There are different ways to do this in Python 2 and 3. The Python 2 ways will also work in Python 3.
Python 2
In Python 2, the idiomatic way of making a shallow copy of a list is with a complete slice of the original:
You can also accomplish the same thing by passing the list through the list constructor,
but using the constructor is less efficient:
Python 3
In Python 3, lists get the
list.copymethod:In Python 3.5:
Making another pointer does not make a copy
my_listis just a name that points to the actual list in memory. When you saynew_list = my_listyou're not making a copy, you're just adding another name that points at that original list in memory. We can have similar issues when we make copies of lists.The list is just an array of pointers to the contents, so a shallow copy just copies the pointers, and so you have two different lists, but they have the same contents. To make copies of the contents, you need a deep copy.
Deep copies
To make a deep copy of a list, in Python 2 or 3, use
deepcopyin thecopymodule:To demonstrate how this allows us to make new sub-lists:
And so we see that the deep copied list is an entirely different list from the original. You could roll your own function - but don't. You're likely to create bugs you otherwise wouldn't have by using the standard library's deepcopy function.
Don't use
evalYou may see this used as a way to deepcopy, but don't do it:
In 64 bit Python 2.7:
on 64 bit Python 3.5:
让我们从头开始探讨这个问题。
因此,让我们假设您有两个列表:
我们必须复制两个列表,现在从第一个列表开始:
因此,首先让我们尝试将变量
复制设置为我们的原始列表,List_1 :现在,如果您正在考虑复制 list_1 的复制,那么您错了。

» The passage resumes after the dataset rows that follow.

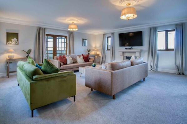 The imperial staircase takes you upstairs onto the landing area again, offering plenty of seating to relax and take in the most breathtaking views over the rolling countryside. The four bedrooms can be found here one of which boasts a king size bed and en-suite bathroom. The remaining three bedrooms host double beds one again benefitting from an en-suite bathroom. All four are exquisitely furnished.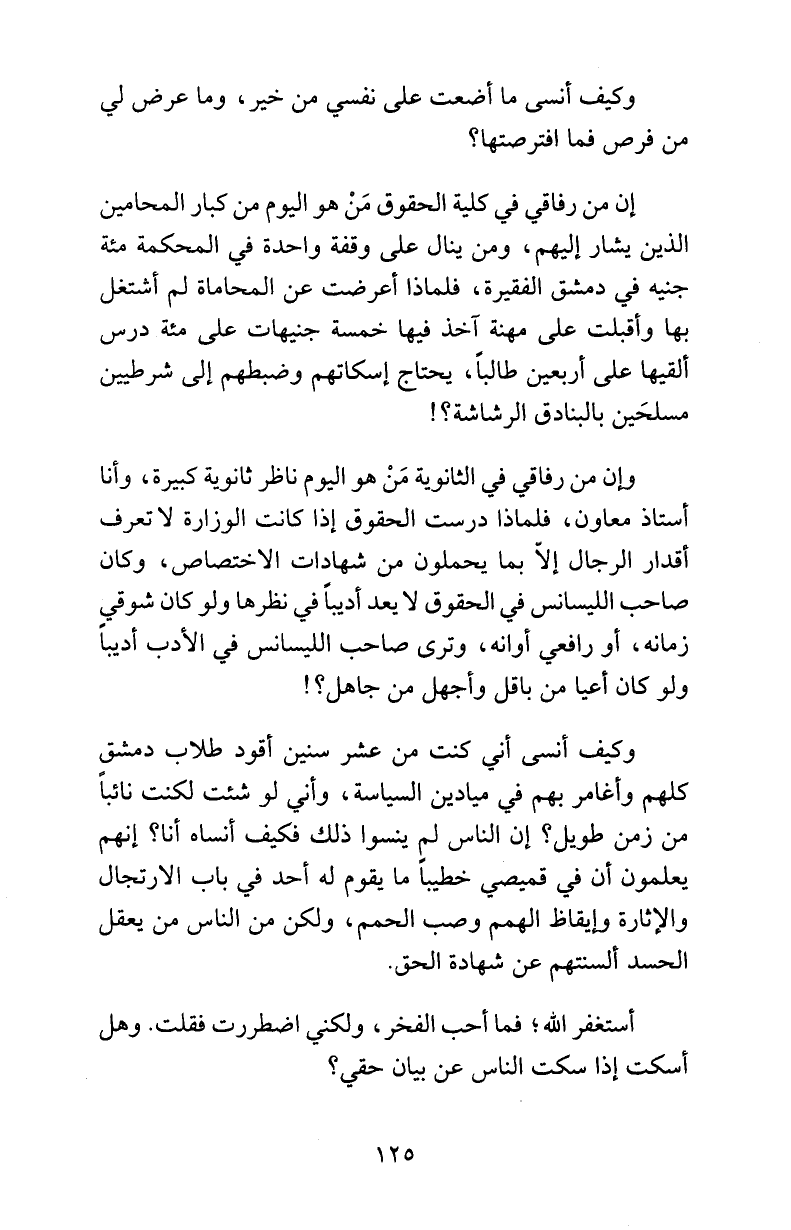إن من رفاقي في كلية الحقوق مَنْ هو اليوم من كبار المحامين الذين يشار إليهم، ومن ينال على وقفة واحدة في المحكمة مئة جنيه في دمشق الفقيرة، فلماذا أعرضت عن المحاماة لم أشتغل بها وأقبلت على مهنة آخذ فيها خمسة جنيهات على مئة درس ألقيها على أربعين طالباً، يحتاج إسكاتهم وضبطهم إلى شرطيين مسلحَين بالبنادق الرشاشة؟!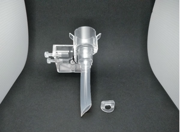 リングバーなるパーツを、本体の内側に配置します。下の写真では右側の小さなパーツを、ペットボトルの先端が入る穴の中に入れます。
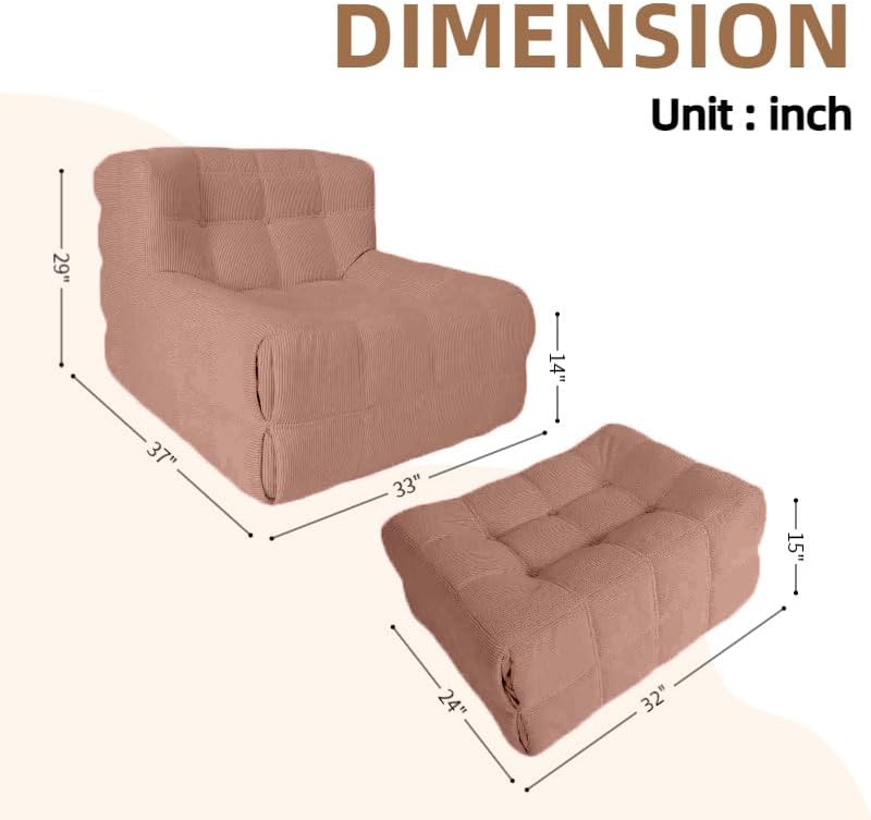 - 【Cooperate with Ottoman】This sofa is paired with ottoman (sofa and ottoman are shipped separately), giving you a feeling of lying in the clouds and relaxing your whole body, enhancing the experience.

ID函数可以向我们展示两个变量是否可以指向同一对象。让我们尝试一下:输出是:
两个变量都是完全相同的参数。你感到惊讶吗?
因此,众所周知,Python不会将任何内容存储在变量中,变量只是引用对象并将对象存储为值。这里的对象是
list,但是我们通过两个不同的变量名称创建了两个对同一对象的引用。这意味着两个变量都指向同一对象,只是带有不同的名称。当您进行
copy = list_1时,它实际上是在做:在图像 list_1 和 copy 中名称,但是两个变量的对象相同,即
list。因此,如果您尝试修改复制列表,则它也会修改原始列表,因为该列表仅在那里,无论您是从复制列表或原始列表中进行的,您都会修改该列表:
输出:
因此,它修改了原始列表:
现在,让我们转到用于复制列表的Pythonic方法。
此方法修复了我们遇到的第一个问题:
因此,因为我们可以看到两个列表具有不同的ID,这意味着两个变量都指向不同的对象。因此,这里实际发生的是:
现在让我们尝试修改列表,让我们看看是否仍然遇到了先前的问题:
输出是:
如您所见,它仅修改了复制的列表。这意味着它有效。
你认为我们已经完成了吗?否。让我们尝试复制我们的嵌套列表。
List_2应引用另一个对象,该对象是list_2的副本。让我们检查一下:我们得到输出:
现在我们可以假设两个列表都指向不同的对象,所以现在让我们尝试对其进行修改,让我们看看它给出了我们想要的东西:
这给了我们输出:
这似乎有些混乱,因为我们以前使用过的相同方法也有效。让我们尝试理解这一点。
当您这样做时:
您只是复制外部列表,而不是内部列表。我们可以再次使用
ID函数来检查此问题。输出是:
当我们进行
copy_2 = list_2 [:]时,这发生了:< img src =“ https://i.sstatic.net/3hpti.jpg” alt =“在此处输入图像说明”>
它创建了列表的副本,但只有外部列表副本,而不是嵌套的列表副本。两个变量的嵌套列表相同,因此,如果您尝试修改嵌套列表,则它将修改原始列表,因为两个列表的嵌套列表对象相同。
什么是解决方案?解决方案是
deepCopy函数。让我们检查一下:
两个外部列表都有不同的ID。让我们在内部嵌套列表上尝试一下。
输出是:
您可以看到两个ID都不同,这意味着我们可以假设两个嵌套列表现在都指向不同的对象。
这意味着当您进行
deep = deepCopy(list_2)实际发生的事情时:两个嵌套列表都指向不同的对象,并且它们现在具有嵌套列表的单独副本。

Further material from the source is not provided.